Pero puedo decirte, quienquiera que seas, que eres mucho más valioso que lo que pesas o cómo luces. Lo siento si alguien te ha dicho lo contrario. Lo siento si alguien te ha impulsado a creer lo contrario. Lo siento si te convertiste en esa persona por ti mismo.

Perdónate. Perdónalos por creer las mismas cosas que una vez creíste o crees. A todos nos enseñan las mismas ideas sobre imagen corporal.

REPENSANDO EL AMOR PROPIO Y EL VALOR, ENCONTRANDO UN LUGAR PARA SANAR

Es una locura la cantidad de presión que ejerce la sociedad sobre las jóvenes, especialmente para mantener determinada imagen. Hoy, no me importa todo eso. Cualquier peso que pierda será para mi felicidad y salud presentes y futuras, no una ideología con la que estoy tratando de estar a la altura. Nuestros cuerpos necesitan nutrientes y amor. ¡Nuestros cuerpos incluso necesitan algo de grasa corporal real para funcionar correctamente! Nuestros cuerpos hacen mucho por nosotros.
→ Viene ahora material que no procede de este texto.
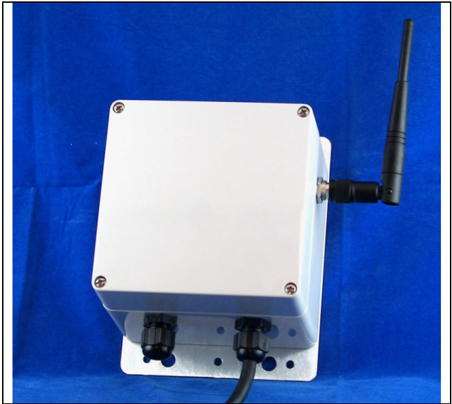
Dimensions (with mounting plate) 6.3" L x 4.8" W x 4.3" H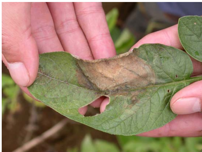
Fine, white downy growth on underside of leaflet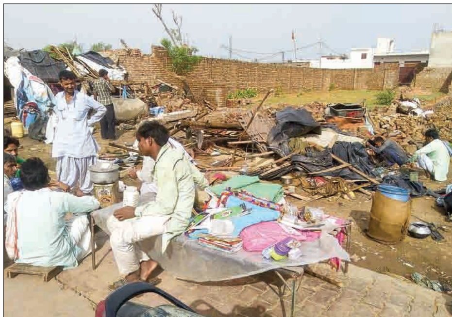
The storm flattened homes and toppled electricity pylons in Rajasthan.

Pradesh, where 76 died, and Rajasthan, where the storms claimed 39 lives, battled to restore power, clear roads and help people who lost houses.

Está permitido comer. Está permitido disfrutar comer. Está permitido decir: “Me encanta la comida”. ¡Adelante, dilo! Disfruta sintiéndote bien diciéndolo.

Somos capaces de encontrar relaciones saludables con la comida y el ejercicio. Pensar en la salud y el peso todo el día no es saludable. Obsesionarte con eso solo puede llevar a un trastorno alimenticio.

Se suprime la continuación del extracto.